Aim of the task:
From the listing below, extract each entry exactly as written, minus the images.

Exercise material:
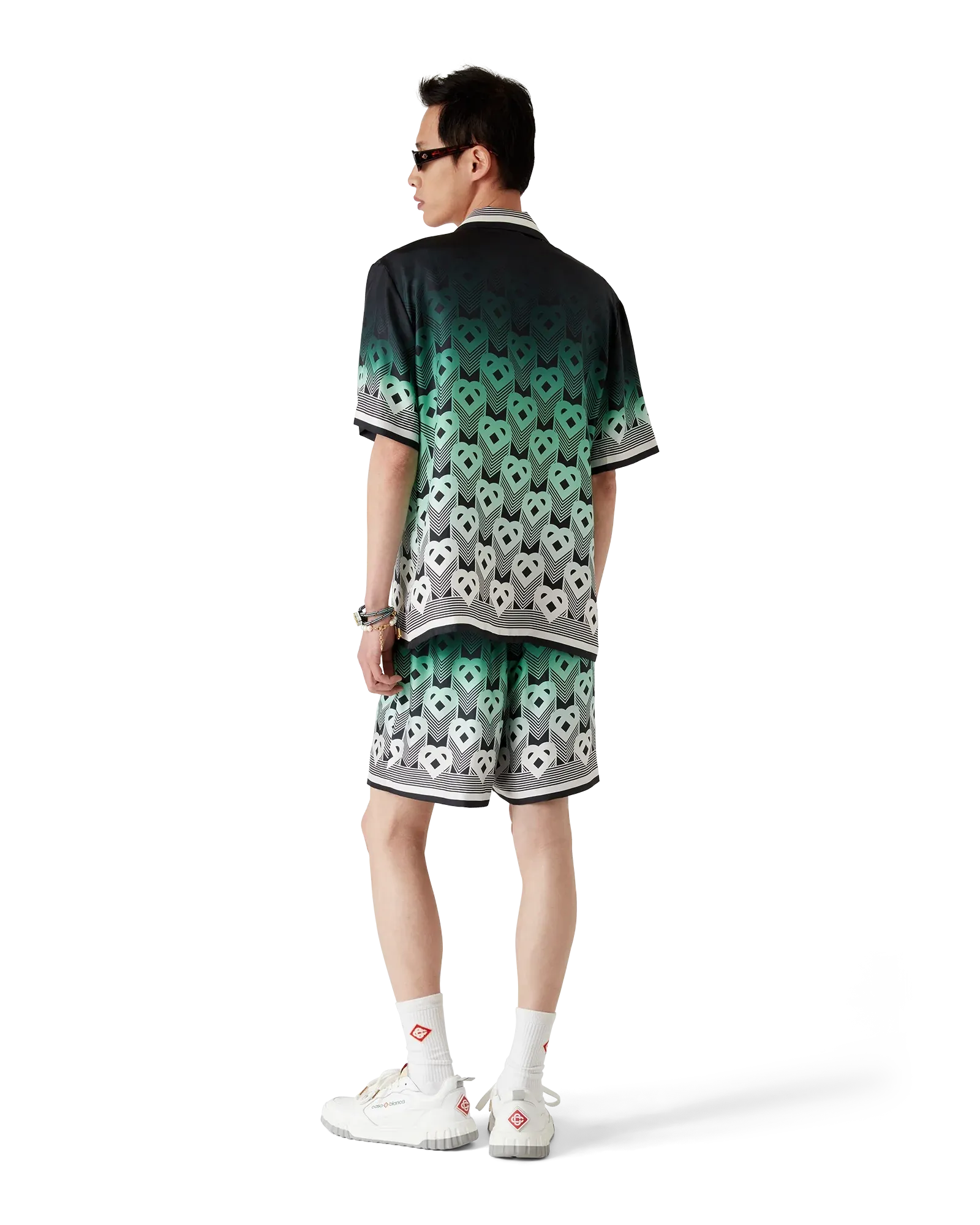 The Gradient Monogram Short Sleeve Silk Shirt is a standout printed design featuring the house’s signature heart monogram set against a mint gradient, inspired by the Park Hyatt Tokyo’s iconic interiors in mint and black. Crafted from premium silk twill fabric, this shirt blends modern artistry with timeless craftsmanship. Finished with a Cuban collar, breast pocket, hidden button closure, interlocking CC logo corozo buttons, and stripe edge detailing on the collar, cuffs, placket, and hem, it embodies relaxed elegance with a contemporary edge.
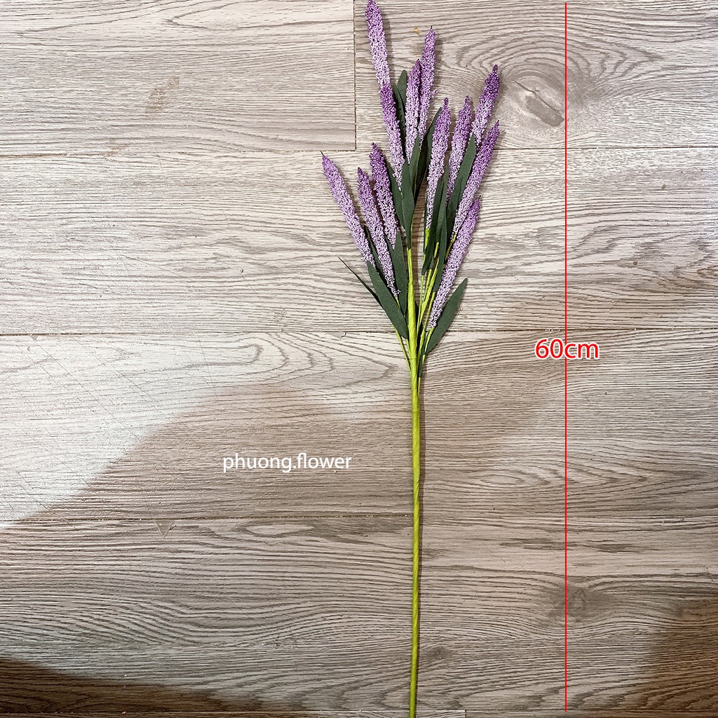 Cành hoa oải hương lavender giả nhân tạo dài 60cm 12 hoa loại lá nhọn đậm cắm chậu trang trí tuyệt đẹp
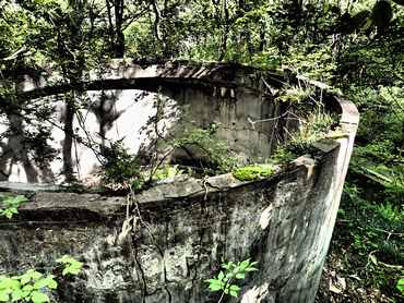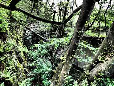 選鉱場の斜面傾斜は25度前後、ここに階段状に施設は配置される。
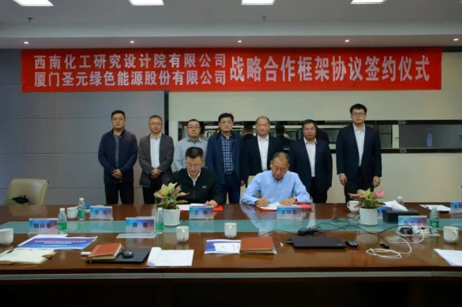 10月12日,聖元環保董事長朱煜煊率隊前往西南化工研究院有限公司(以下簡稱“西南院”)進(jin)行(xing)座(zuo)談(tan)交(jiao)流(liu),雙(shuang)方(fang)就(jiu)聖(sheng)元(yuan)綠(lv)能(neng)氫(qing)能(neng)源(yuan)開(kai)發(fa)項(xiang)目(mu)達(da)成(cheng)合(he)作(zuo)意(yi)向(xiang),並(bing)簽(qian)訂(ding)戰(zhan)略(lve)合(he)作(zuo)框(kuang)架(jia)協(xie)議(yi)。西(xi)南(nan)院(yuan)副(fu)總(zong)經(jing)理(li)王(wang)鍵(jian),變(bian)壓(ya)吸(xi)附(fu)所(suo)總(zong)經(jing)理(li)張(zhang)宏(hong)宇(yu)、副總工程師馮良興,工程公司副總工程師周君、營銷總監郭慶東,聖元環保技術部總經理王鐵軍,聖元綠能領導林東廓等出席簽約儀式。
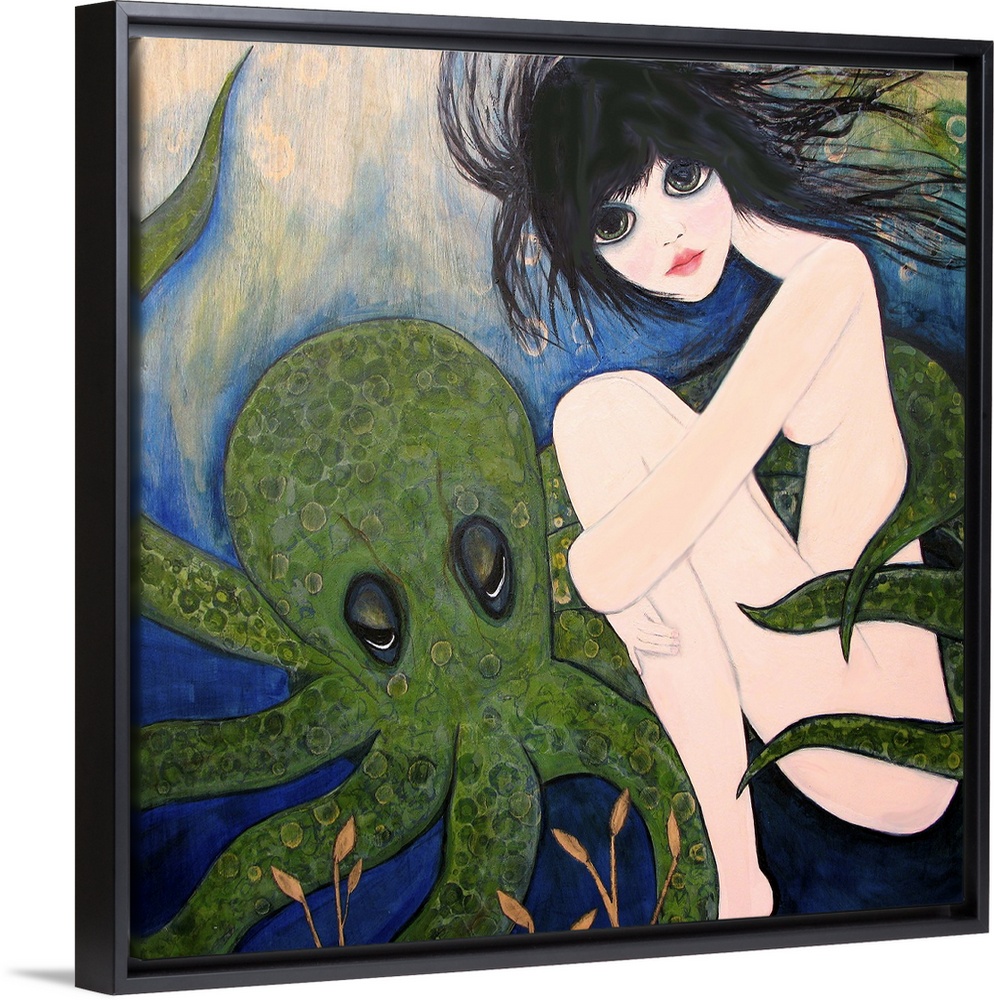 Art Wyanne Art Decorative Art Green Wall Art Mixed Media Art Painting People Figurative Nude Wildlife Marine Life Octopus and Squid
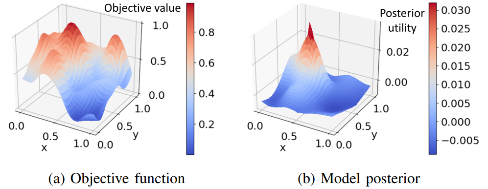 研究者在综合 2D 效用函数上测试 COSPAR 算法,每个效用函数都基于 30x30 网格上的高斯过程先验生成。这些实验评估了将 COSPAR 算法扩展至更高维度时的性能,以及合作反馈的优势。
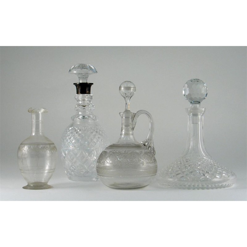 Glassware, comprising: five decanters and stoppers, a small carafe and a cut glass jug, 19th and 20th century. (12)
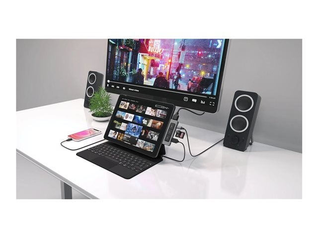 Seamlessly transform your USB-C iPad Pro, Air or mini into a powerhouse workspace with a 4K 60Hz HDMI video port, USB-C 5Gbps 60W Power Delivery port, MicroSD/SD slots, a USB-A 5Gbps port as well as a 3.5mm audio jack for headphones.
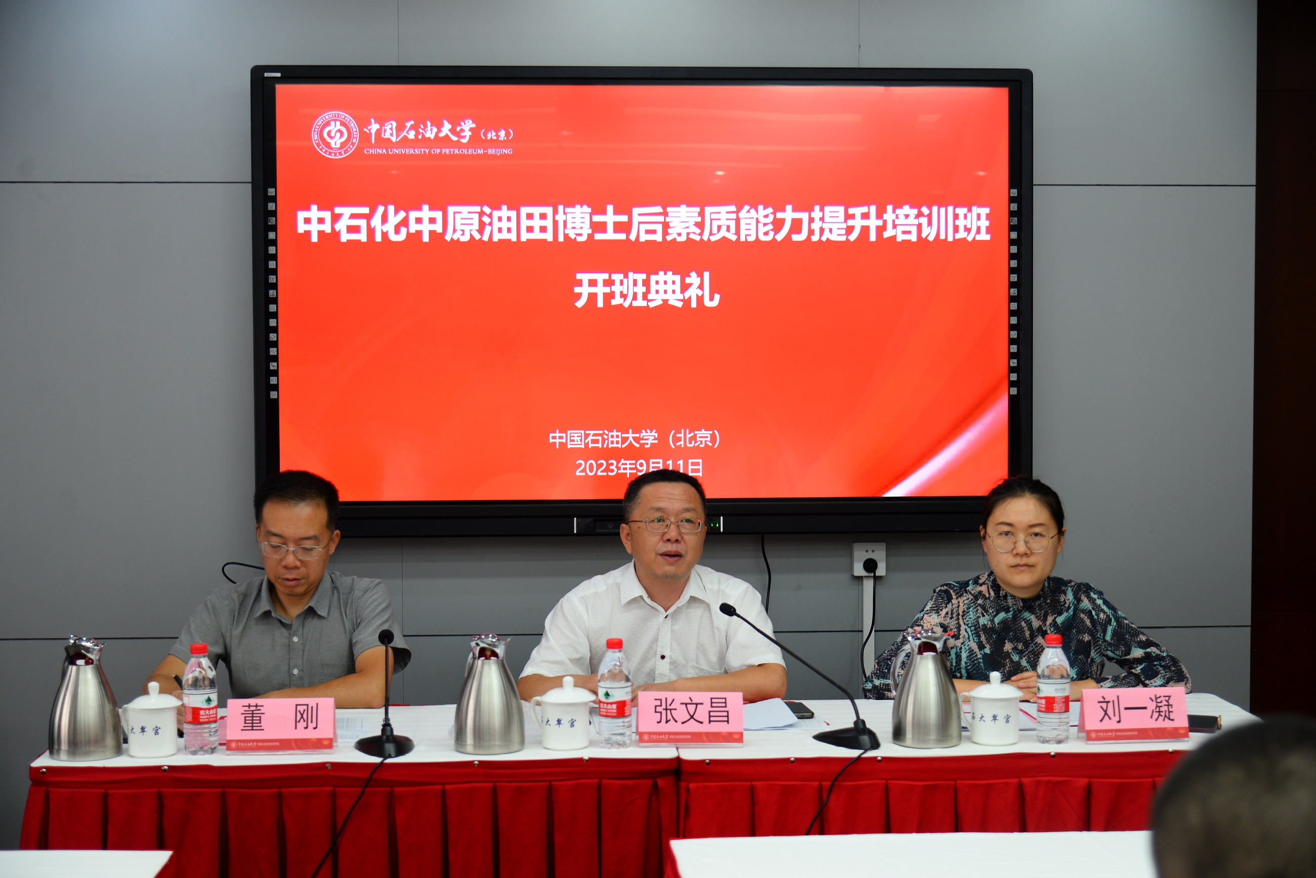 2023年9月11日,中石化中原油田博士后素质能力提升培训班顺利开班。中原油田首席专家、科技信息部经理张文昌,中国免费靠逼视频(北京)网络与技术教育学院副院长刘一凝出席开班典礼。
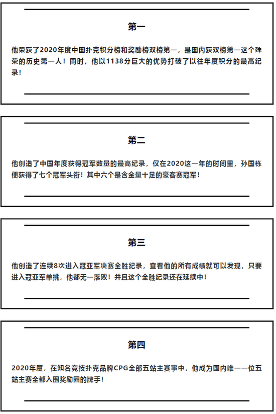 短短时间,孙国栋创下了无数扑克记录,连续两届老虎杯含金量十足的“双冠王”、单挑阶段恐怖的夺冠胜率、一年多个豪客赛冠军、长期霸占多个扑克排行榜首位,积分打破历史记录。。。。。。可见他恐怖的历史战绩。
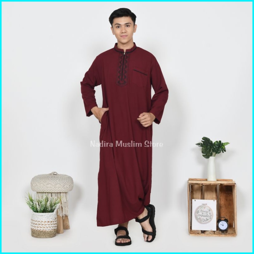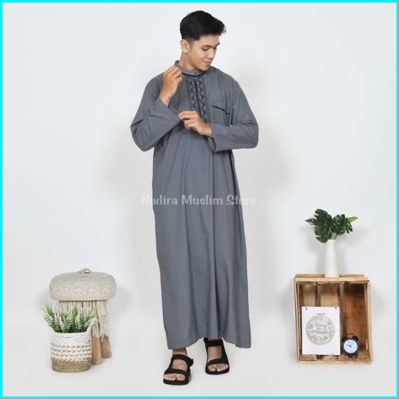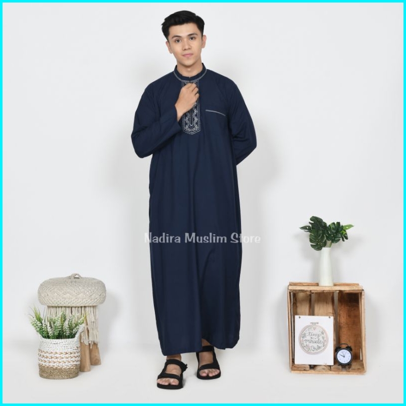 Jubah Laki - Laki Dewasa Bordir Simpel Elegant Gamis Pria Dewasa Lengan Panjang
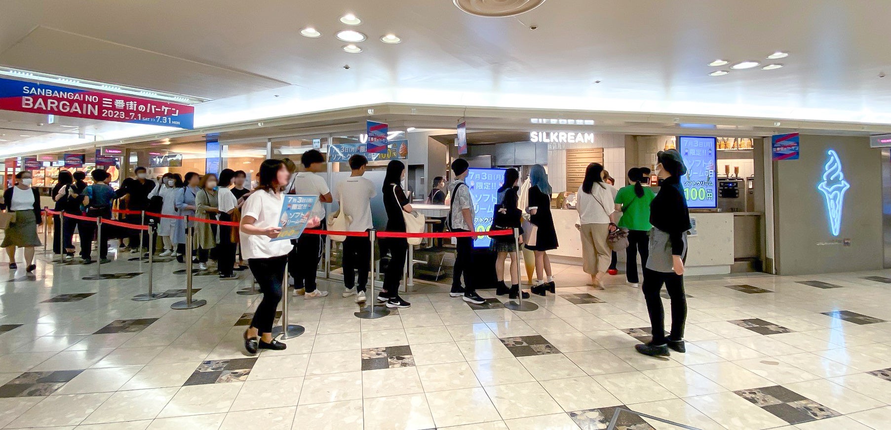 ソフトクリームの日を記念して、日世直営店シルクレーム阪急三番街店にて。
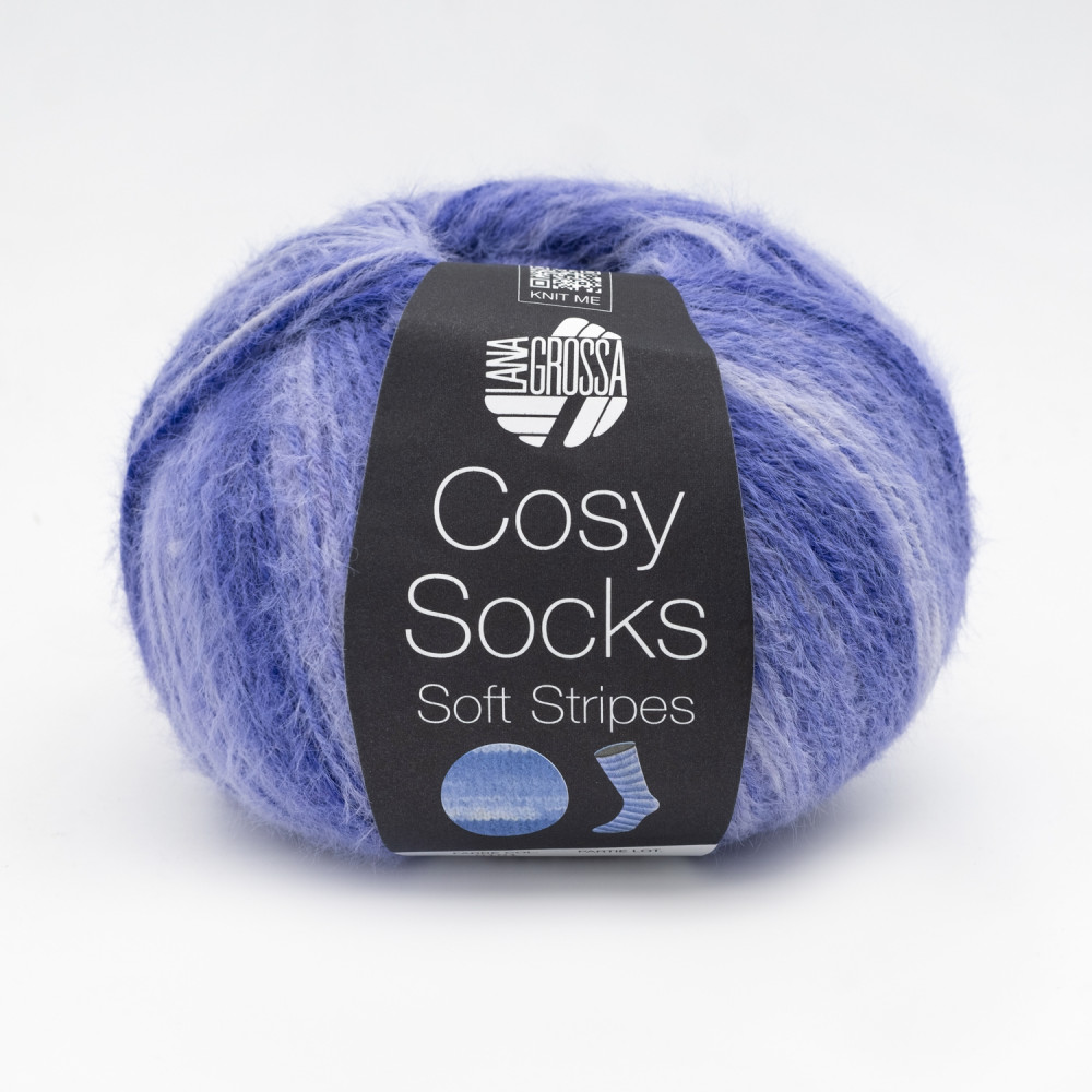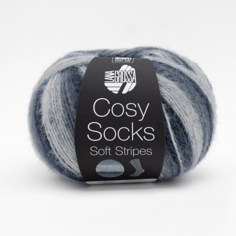 Cosy Socks Soft Stripes — название отражает уютный характер пряжи и мягкие полосатые переходы цвета, создающие эффектный узор без сложных приёмов. В составе — мериносовая шерсть с добавлением синтетических волокон для прочности и износостойкости. Нить мягкая, тёплая и приятная к телу, комфортна даже при длительной носке. Идеально подходит для носков, а также для варежек, шапок, шарфов и домашних аксессуаров.
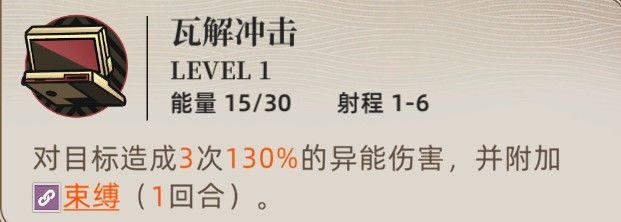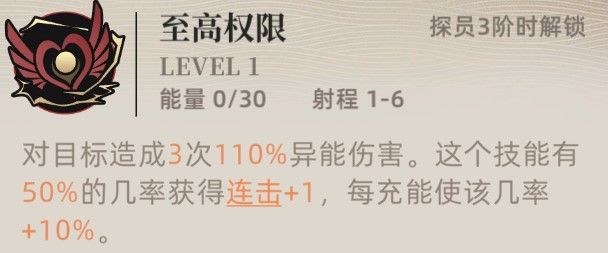 至于紫罗兰,作为开服赠送过一次的五星异能,相信大部分科长都拥有这个角色。紫罗兰的封装体特性是满血时普攻可以弹射一次,弹射降攻20%。这个特性只能说聊胜于无,毕竟除非练度碾压,否则满血的要求实在不好保证。紫罗兰这个角色的特点在于她的两个技能射程很远并且都带有稳定的束缚,在打非巨型boss(比如老洛伦佐、小丑)时,可以有效地限制boss的走位,给到前排更加安全的掩体环境。在1.1版本应对boss安妮塔也非常的好用:安妮塔的技能都是范围和指向性技能,并且属性被紫罗兰克制,可以保障回能。因此紫罗兰可以用两个技能交替束缚安妮塔。加上3阶解锁的1技能特性让敌人的最大攻击距离-2,可以让安妮塔根本打不到人,亲测十分好用,未来或许也会有所发挥。

Written response:
 The Gradient Monogram Short Sleeve Silk Shirt is a standout printed design featuring the house’s signature heart monogram set against a mint gradient, inspired by the Park Hyatt Tokyo’s iconic interiors in mint and black. Crafted from premium silk twill fabric, this shirt blends modern artistry with timeless craftsmanship. Finished with a Cuban collar, breast pocket, hidden button closure, interlocking CC logo corozo buttons, and stripe edge detailing on the collar, cuffs, placket, and hem, it embodies relaxed elegance with a contemporary edge.
 Cành hoa oải hương lavender giả nhân tạo dài 60cm 12 hoa loại lá nhọn đậm cắm chậu trang trí tuyệt đẹp
 選鉱場の斜面傾斜は25度前後、ここに階段状に施設は配置される。
 10月12日,聖元環保董事長朱煜煊率隊前往西南化工研究院有限公司(以下簡稱“西南院”)進(jin)行(xing)座(zuo)談(tan)交(jiao)流(liu),雙(shuang)方(fang)就(jiu)聖(sheng)元(yuan)綠(lv)能(neng)氫(qing)能(neng)源(yuan)開(kai)發(fa)項(xiang)目(mu)達(da)成(cheng)合(he)作(zuo)意(yi)向(xiang),並(bing)簽(qian)訂(ding)戰(zhan)略(lve)合(he)作(zuo)框(kuang)架(jia)協(xie)議(yi)。西(xi)南(nan)院(yuan)副(fu)總(zong)經(jing)理(li)王(wang)鍵(jian),變(bian)壓(ya)吸(xi)附(fu)所(suo)總(zong)經(jing)理(li)張(zhang)宏(hong)宇(yu)、副總工程師馮良興,工程公司副總工程師周君、營銷總監郭慶東,聖元環保技術部總經理王鐵軍,聖元綠能領導林東廓等出席簽約儀式。
 Art Wyanne Art Decorative Art Green Wall Art Mixed Media Art Painting People Figurative Nude Wildlife Marine Life Octopus and Squid
 研究者在综合 2D 效用函数上测试 COSPAR 算法,每个效用函数都基于 30x30 网格上的高斯过程先验生成。这些实验评估了将 COSPAR 算法扩展至更高维度时的性能,以及合作反馈的优势。
 Glassware, comprising: five decanters and stoppers, a small carafe and a cut glass jug, 19th and 20th century. (12)
 Seamlessly transform your USB-C iPad Pro, Air or mini into a powerhouse workspace with a 4K 60Hz HDMI video port, USB-C 5Gbps 60W Power Delivery port, MicroSD/SD slots, a USB-A 5Gbps port as well as a 3.5mm audio jack for headphones.
 2023年9月11日,中石化中原油田博士后素质能力提升培训班顺利开班。中原油田首席专家、科技信息部经理张文昌,中国免费靠逼视频(北京)网络与技术教育学院副院长刘一凝出席开班典礼。
 短短时间,孙国栋创下了无数扑克记录,连续两届老虎杯含金量十足的“双冠王”、单挑阶段恐怖的夺冠胜率、一年多个豪客赛冠军、长期霸占多个扑克排行榜首位,积分打破历史记录。。。。。。可见他恐怖的历史战绩。
 Jubah Laki - Laki Dewasa Bordir Simpel Elegant Gamis Pria Dewasa Lengan Panjang
 ソフトクリームの日を記念して、日世直営店シルクレーム阪急三番街店にて。
 Cosy Socks Soft Stripes — название отражает уютный характер пряжи и мягкие полосатые переходы цвета, создающие эффектный узор без сложных приёмов. В составе — мериносовая шерсть с добавлением синтетических волокон для прочности и износостойкости. Нить мягкая, тёплая и приятная к телу, комфортна даже при длительной носке. Идеально подходит для носков, а также для варежек, шапок, шарфов и домашних аксессуаров.
 至于紫罗兰,作为开服赠送过一次的五星异能,相信大部分科长都拥有这个角色。紫罗兰的封装体特性是满血时普攻可以弹射一次,弹射降攻20%。这个特性只能说聊胜于无,毕竟除非练度碾压,否则满血的要求实在不好保证。紫罗兰这个角色的特点在于她的两个技能射程很远并且都带有稳定的束缚,在打非巨型boss(比如老洛伦佐、小丑)时,可以有效地限制boss的走位,给到前排更加安全的掩体环境。在1.1版本应对boss安妮塔也非常的好用:安妮塔的技能都是范围和指向性技能,并且属性被紫罗兰克制,可以保障回能。因此紫罗兰可以用两个技能交替束缚安妮塔。加上3阶解锁的1技能特性让敌人的最大攻击距离-2,可以让安妮塔根本打不到人,亲测十分好用,未来或许也会有所发挥。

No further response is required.